Many national bills of rights do not allow any exceptions. For example, the first 10 amendments to the U.S. Constitution (commonly referred to as the Bill of Rights) expressly guarantee that "Congress shall make no law" that restricts freedom of religion, freedom of speech, freedom of the press, or a host of other rights. No exceptions are allowed.


Constitutional Conference, Nov. 5, 1981. (CP Photo/ Ron Poling)
Canada's Charter of Rights and Freedoms, on the other hand, includes an out. The notwithstanding clause (sometimes called the "override clause") is laid out in section 33 of the Charter.

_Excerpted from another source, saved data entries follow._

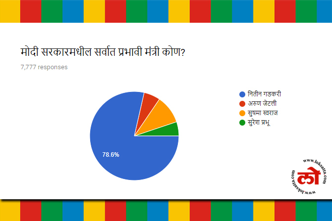 тАШрдореЛрджреА рд╕рд░рдХрд╛рд░рдордзреАрд▓ рд╕рд░реНрд╡рд╛рдд рдкреНрд░рднрд╛рд╡реА рдордВрддреНрд░реА рдХреЛрдг?, рдЕрд╕рд╛ рдкреНрд░рд╢реНрди рдпрд╛ рд╕рд░реНрд╡реЗрдХреНрд╖рдгрд╛рдордзреНрдпреЗ рд╡рд╛рдЪрдХрд╛рдВрдирд╛ рд╡рд┐рдЪрд╛рд░рдгреНрдпрд╛рдд рдЖрд▓рд╛. рдпрд╛ рдкреНрд░рд╢реНрдирд╛рд▓рд╛ рдирд┐рддреАрди рдЧрдбрдХрд░реА, рдЕрд░реБрдг рдЬреЗрдЯрд▓реА,рд╕реБрд╖рдорд╛ рд╕реНрд╡рд░рд╛рдЬ рдЖрдгрд┐ рд╕реБрд░реЗрд╢ рдкреНрд░рднреВ рдЕрд╕реЗ рдЪрд╛рд░ рдкрд░реНрдпрд╛рдп рджреЗрдгреНрдпрд╛рдд рдЖрд▓реЗ рд╣реЛрддреЗ. рдпрд╛рдкреИрдХреА рем рд╣рдЬрд╛рд░ резрежреп рд╡рд╛рдЪрдХрд╛рдВрдиреА рдирд┐рддреАрди рдЧрдбрдХрд░реА рд╣реЗ рд╕рд░реНрд╡рд╛рдд рдкреНрд░рднрд╛рд╡реА рдордВрддреНрд░реА рдЕрд╕рд▓реНрдпрд╛рдЪреЗ рдордд рдиреЛрдВрджрд╡рд▓реЗ. рд╣реА рдЖрдХрдбреЗрд╡рд╛рд░реА рдордд рдорд╛рдВрдбрдгрд╛рд▒реНрдпрд╛ рдПрдХреВрдг рд╡рд╛рдЪрдХ рд╕рдВрдЦреНрдпреЗрдЪреНрдпрд╛ ренрео.рем рдЯрдХреНрдХреЗ рдЗрддрдХреА рдЖрд╣реЗ. рд╡рд╛рдЪрдХрд╛рдВрдиреА рдЧрдбрдХрд░реАрдВрдирд╛ рджрд┐рд▓реЗрд▓рд╛ рд╣рд╛ рдХреМрд▓ рдореНрд╣рдгрдЬреЗ рд░рд╕реНрддреЗ рдмрд╛рдВрдзрдгреАрдЪрд╛ рд╡реЗрдЧ, рд░рд╕реНрддреЗ рдмрд╛рдВрдзрдгреАрд╕рдВрджрд░реНрднрд╛рдд рдХрд░рдгреНрдпрд╛рдд рдпреЗрдгрд╛рд░реЗ рд╡реЗрдЧрд╡реЗрдЧрд│реЗ рдкреНрд░рдпреЛрдЧ, рд╕реНрд╡рдЪреНрдЫ рдкреНрд░рддрд┐рдорд╛, рд╡реЗрд│реЛрд╡реЗрд│реА рд╡реЗрдЧрд╡реЗрдЧрд│реНрдпрд╛ рдХрд╛рд░реНрдпрдХреНрд░рдорд╛рдВрдордзреВрди рд╕рд░рдХрд╛рд░рдЪреА рднреВрдорд┐рдХрд╛ рд╕рдорд╛рдиреНрдпрд╛рдВрдкрд░реНрдпрдВрдд рдкреЛрд╣рдЪрд╡рдгреНрдпрд╛рдЪрд╛ рдЧрдбрдХрд░реАрдВрдЪрд╛ рдкреНрд░рдпрддреНрди рдпрд╛ рд╕рд░реНрд╡рд╛рдВрдЪрд╛ рд╣рд╛ рдкрд░рд┐рдгрд╛рдо рдЕрд╕рд▓реНрдпрд╛рдЪреЗ рдореНрд╣рдгрддрд╛ рдпреЗрдИрд▓.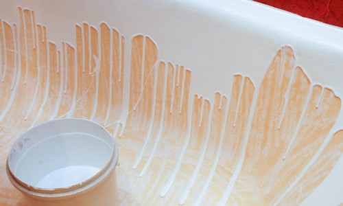 - На дне сантехники не должна образоваться «лужа» – излишки эмали надо убрать.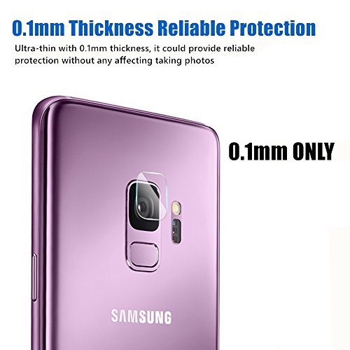 -. Feature : Soft Tempered Glass Camera lens protector for Samsung S9 , anti-dust,anti-scratch,anti-water. / 7.5H hardness which can effectively protect your Samsung S9 camera lens from unwanted scuffs and scratches by knife, keys and some other hard substances. Coated with hydrophobic and oleophobic clear layers, the glass protects against sweat and oil residue from fingerP.R.Ints, keeping your Samsung S9 camera clear. / High transparency, does not influence you take a HD photo. / Come with wet wipe cloths kit and dust stickers to let you clear your Samsung S9 camera lens. / it won't ruin its original look. And easy to install,just stick the protector on your camera lens.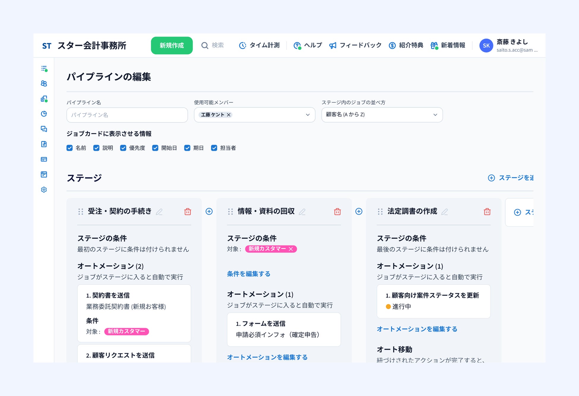 顧客へのチャットでの連絡、顧客からの資料の共有、顧客による料金の支払い、書類への電子サイン、事務所スタッフによるタスクの完了等、案件を構成するありとあらゆる要素を、オートメーションのトリガーとして設定することが可能。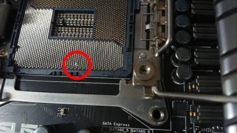 なおこちらはX99-Deluxe ⅡのマザーボードがCPUを認識しなくなり、CPUクーラーとCPUを外すとマザーボードのCPUのピンが曲がっていました。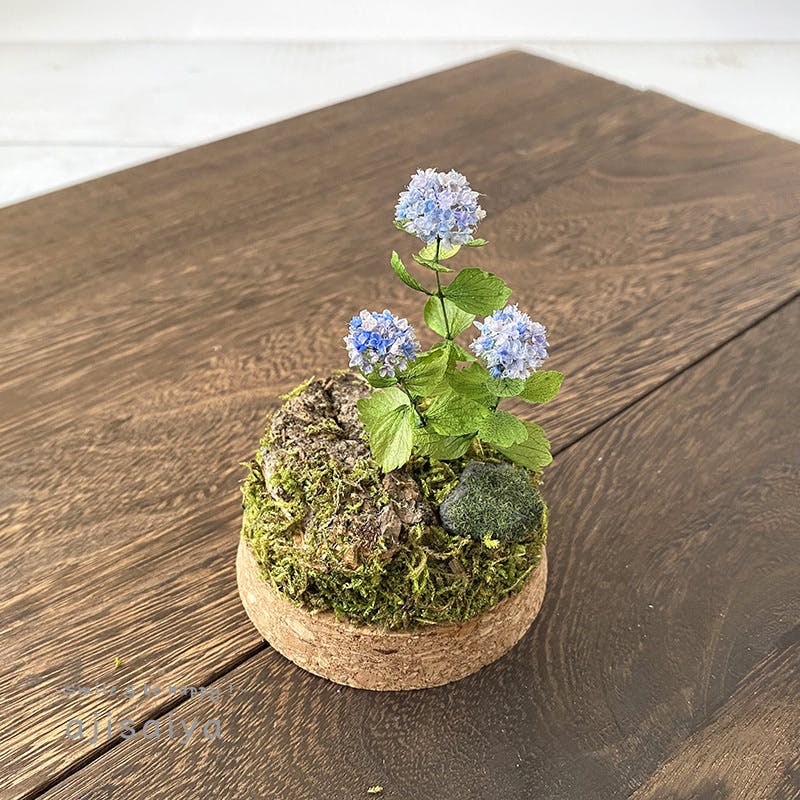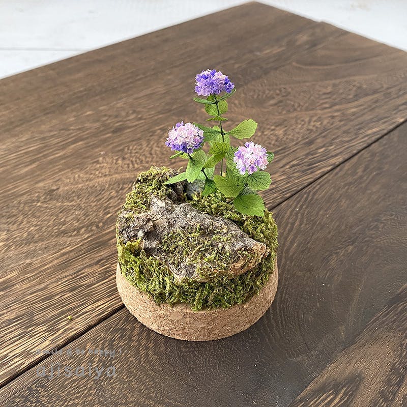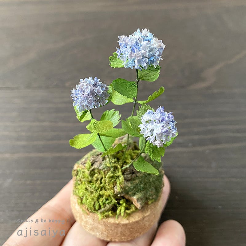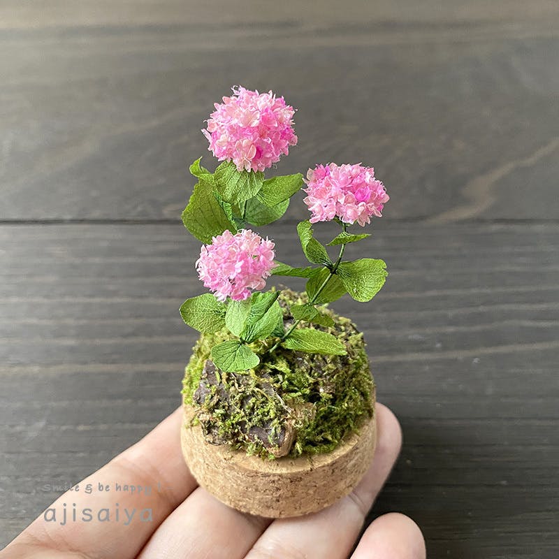 このミニチュアあじさいは、すべて本物の植物を原料に作られています。

There was legislative precedent for an override clause in Canada. The Canadian Bill of Rights and human rights codes in Alberta, Saskatchewan and Quebec all have or had provisions that allow for overrides.

What does the notwithstanding clause do?

The notwithstanding clause allows the federal government or a provincial legislature to enact legislation to override several sections of the Charter that deal with fundamental freedoms, legal rights and equality rights.

These include freedom of expression, freedom of assembly, and freedom from unreasonable search and seizure, to name a few. But a number of other Charter rights cannot be overridden. These include democratic rights, mobility rights, and the equality of men and women.

Simply put, this override power allows governments to create laws that will operate in spite of (or "notwithstanding") some Charter rights that the laws appear to violate.

This override power is temporary. Any notwithstanding clause declaration expires after five years, but can be re-enacted indefinitely.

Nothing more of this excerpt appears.